Я хотел бы обратить внимание на некоторые мои эмпирические наблюдения, которые я не всегда могу объяснить, но они мне представляются важными. Есть три фундаментальных особенности кошмаров в литературе. Больше я пока не обнаружил, во всяком случае. Все они не имеют прямого, значит, прямого отношения к содержанию, но имеют отношение к композиции и к порядку вещей. Вообще, заметим, что содержание кошмаров не важно, сон делается кошмарным не от содержания, а от композиции, от темпа и стиля изложения, а так-то он может быть хоть о школьном уроке (и очень часто нам снится именно школа — вызвали отвечать, а мы не готовы и т. д.). Значит, первое наблюдение сделала Ирина Лукьянова в своей работе о кошмарах у Кафки. Во сне нарушаются соотношения между деталями и целым. Детали болезненно отчетливы, но целое — место происшествия, цель нашего пребывания, как и зачем мы туда попали, — таинственно, непонятно. Мы не понимаем смысла целого, но каждая деталь буквально укрупнена, преувеличена. Когда мы просыпаемся, мы помним кошмары, но совершенно не можем рассказать о цели показанного, о смысле этого послания. Возьмем «Сельского врача» Кафки, один из жутчайших его снов. Мы помним, что у сельского врача очень черные, очень страшные, очень сильные кони, с которыми он не может справиться. Мы подробно помним описание этих коней, но мы совершенно не знаем, где он живет, куда он едет, чем болен ребенок, на помощь к которому он выехал. Мы абсолютно отчетливо помним описание комнаты, но совершенно не понимаем, в какой стране это происходит, в какое время... В «Замке» понятно все, кроме статуса замка, а ведь это именно и является главной загадкой. Я бы рискнул сказать, что это и есть ключевое понятие готики: в собственной жизни мы все время видим детали, предельно четкие, но о смысле происходящего у нас нет ни малейшего представления.

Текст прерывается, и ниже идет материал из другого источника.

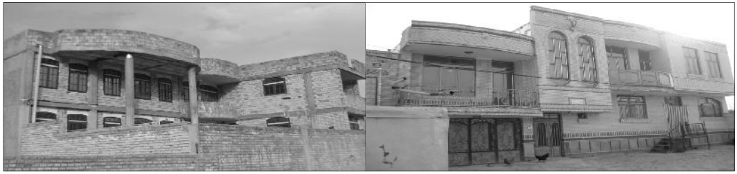
شکل ۳. الگوپذیری مساکن روستائی از معماری شهری

سویه که از آن با عنوان پیوندهای روستا- شهری یاد می‌شود، ویژگیهای اجتماعی و فرهنگی روستاها نیز متحول گردیده‌اند و به دنبال آن بافت و مسکن روستایی نیز از این عوامل متأثر شده‌اند. افزایش ارتباط بین شهرها و روستاها و الگوبرداری از زندگی شهری، در دهه‌های اخیر، باعث تغییر ساختار خانواده از گسترده به هسته‌ای و دگرذیسی فضاهای مسکونی روستایی شده است و بسیاری از خانواده‌ها به جایگزین کردن الگوهای مسکن شهری به جای خانه‌های موجود روی آورده‌اند. در شکل ۳، به ترتیب الگوپذیری مساکن روستائی از معماری شهری به ترتیب در روستاهای باغبه‌زاد و جوانمردی نمایش داده شده است.

Второй аспект сформулировал в интервью мне Гор Вербински, когда мы обсуждали «Звонок»: «Важны не вещи, а порядок вещей», — сказал Вербински. Иными словами, лошадь не страшна, дерево не страшно, лошадь на дереве — страшна. Кошмары «Звонка» достигаются не набором лейтмотивов, — дерево, лошадь, колодец, лестница, женщина расчесывает волосы у зеркала, — но алогичным характером их совмещения. Кстати говоря, зеркала — один из главных мотивов кошмара. Кто мне может сказать, как обычно приходит кошмар через зеркало?
— Не видно себя в зеркале. Или видно не то, что есть.
— Итого три варианта: первый — в зеркале не видно себя, нас заслонило нечто, например, в «Орля». Вторая — в зеркале мы видим не себя, и обстановка комнаты в нем другая. И третья — из зеркала выходит непредсказуемый персонаж. Помните у Ахматовой — «Бог знает что творилось в зеркалах»? Это самое мое любимое готическое стихотворение, «Третья элегия» — «В том доме было очень страшно жить». Но происходящее в доме в этот момент настолько страшно, что мы уже не обращали внимания на то, что «Бог знает, что творилось в зеркалах». В зеркалах в наше отсутствие происходит та жизнь, которую мы не знаем, не фиксируем. Зеркало — портал в дополнительную реальность. И третья вещь, которую мы наблюдаем в триллере применительно к зеркалам, — когда из зеркала выходит некая сущность: лучше всего это сделано в пьесе Леси Украинки «Каменный хозяин». Такой оммаж каменному гостю: помните реплику — «В зеркале не я, он, каменный!» Командор выходит из зеркала.
Сейчас мне придется объяснять весьма тонкую вещь, но попробую, потому что у каждого из нас этот опыт есть. Ключевое понятие кошмара — понятие вины. Сновидец, наблюдатель потенциально является первопричиной, виновником этой инверсии. Дело в том, что два ключевых понятия модерна в целом — это понятие предательства и понятие вины. Модернист всегда отрывается от корней, от родни, от родины и так далее. Поэтому модернист всегда виноват. Главный автобиографический текст Кафки называется «Письмо к отцу». Это именно отчет о сознании вины. И в дурном сне, в кошмаре вас всегда угнетает чувство, что вы где-то непоправимо ошиблись. Вся готика — это обращение к Господу со словами: «Господи, ты очень неуютно устроил этот мир». В кошмаре господствует ощущение, что мы пошли не по той развилке. Wrong turn — ключевое понятие кошмара. Мы в каком-то месте свернули не туда, и после этого мир страшным образом переменился.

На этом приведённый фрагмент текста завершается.